* Work instruction *
Please reproduce all the data exactly as written and omit the pictures.

* Data provided *

.....

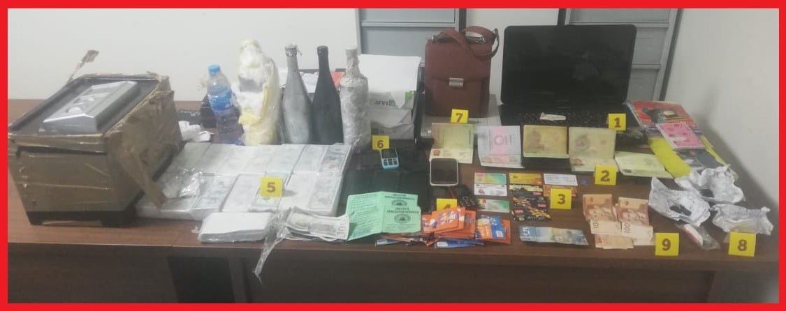 وأفاد المصدر أنه تم خلال تفتيش منزل يستخدمه المتهمان بسلا، ضبط جوازات سفر مزورة وبطاقات هوية وبنكية باسماء مستعارة، إضافة إلى شرائح هاتفية وهواتف محمولة وحاسوب محمول يستخدم في ارتكاب جرائمهما، كما تم ضبط مبلغ مالي بالعملة المغربية يعتقد أنه ناتج عن هذا النشاط الإجرامي، إلى جانب معدات مكتبية ومواد كيميائية وأوراق نقدية أجنبية مزورة تستخدم في عمليات النصب والخداع.
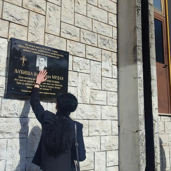 Spomen ploču, čije postavljanje je inicirala porodica Vuković, kumovi ubijenog Mrdaka, i predsjednik Opštine Nikšić, Marko Kovačević, otkrili su Ljubišin sin Andrija Mrdak i Vojin Striković u ime Opštine.
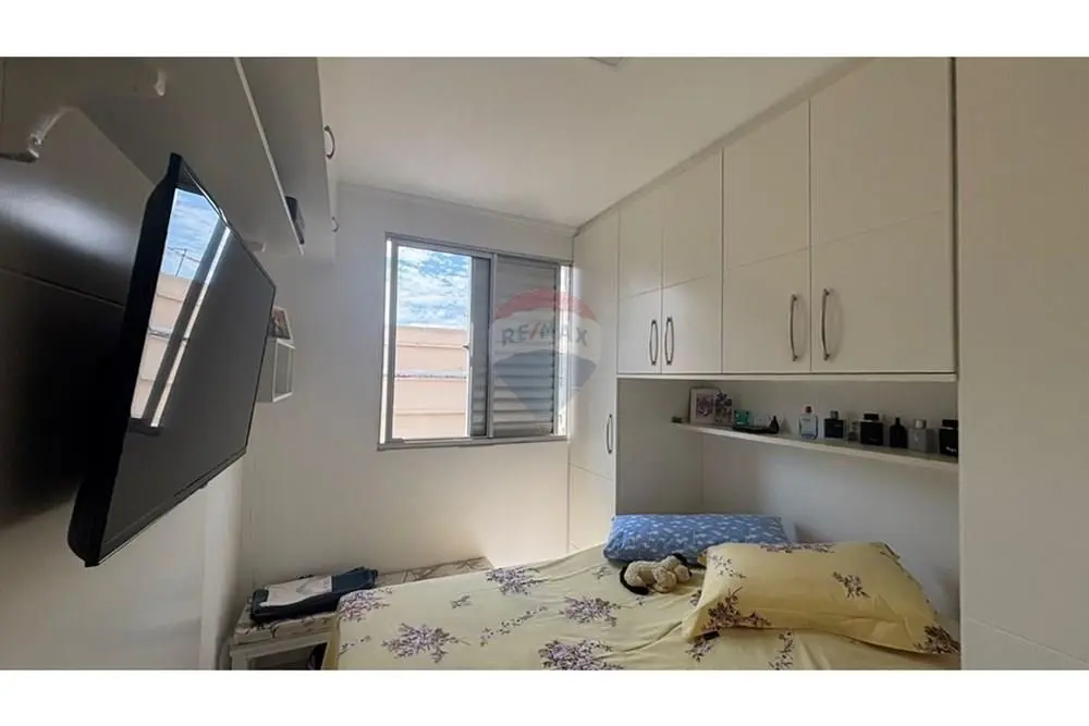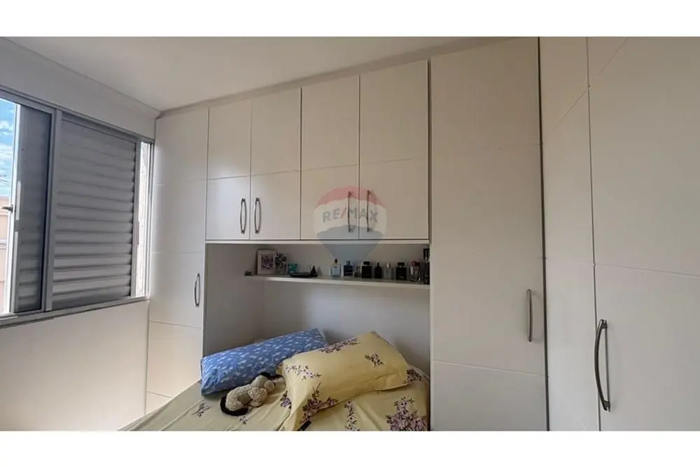 Os dois quartos são com móveis planejados que incluem armários espaçosos, prateleiras inteligentes e escrivaninha.
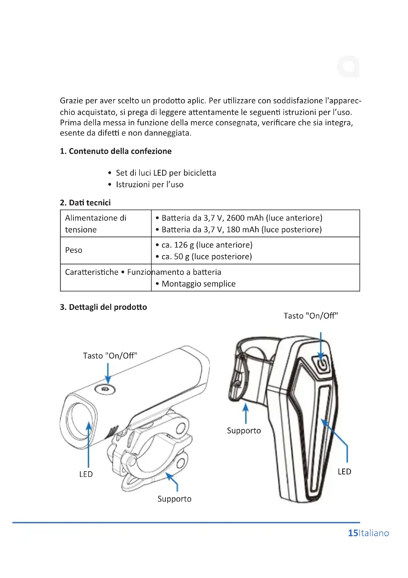 Grazie per aver scelto un prodotto aplic. Per utilizzare con soddisfazione l'apparecchio acquistato, si prega di leggere attentamente le seguenti istruzioni per l'uso. Prima della messa in funzione della merce consegnata, verificare che sia integra, esente da difetti e non danneggiata.

.....

* Solution for this problem *
 وأفاد المصدر أنه تم خلال تفتيش منزل يستخدمه المتهمان بسلا، ضبط جوازات سفر مزورة وبطاقات هوية وبنكية باسماء مستعارة، إضافة إلى شرائح هاتفية وهواتف محمولة وحاسوب محمول يستخدم في ارتكاب جرائمهما، كما تم ضبط مبلغ مالي بالعملة المغربية يعتقد أنه ناتج عن هذا النشاط الإجرامي، إلى جانب معدات مكتبية ومواد كيميائية وأوراق نقدية أجنبية مزورة تستخدم في عمليات النصب والخداع.
 Spomen ploču, čije postavljanje je inicirala porodica Vuković, kumovi ubijenog Mrdaka, i predsjednik Opštine Nikšić, Marko Kovačević, otkrili su Ljubišin sin Andrija Mrdak i Vojin Striković u ime Opštine.
 Os dois quartos são com móveis planejados que incluem armários espaçosos, prateleiras inteligentes e escrivaninha.
 Grazie per aver scelto un prodotto aplic. Per utilizzare con soddisfazione l'apparecchio acquistato, si prega di leggere attentamente le seguenti istruzioni per l'uso. Prima della messa in funzione della merce consegnata, verificare che sia integra, esente da difetti e non danneggiata.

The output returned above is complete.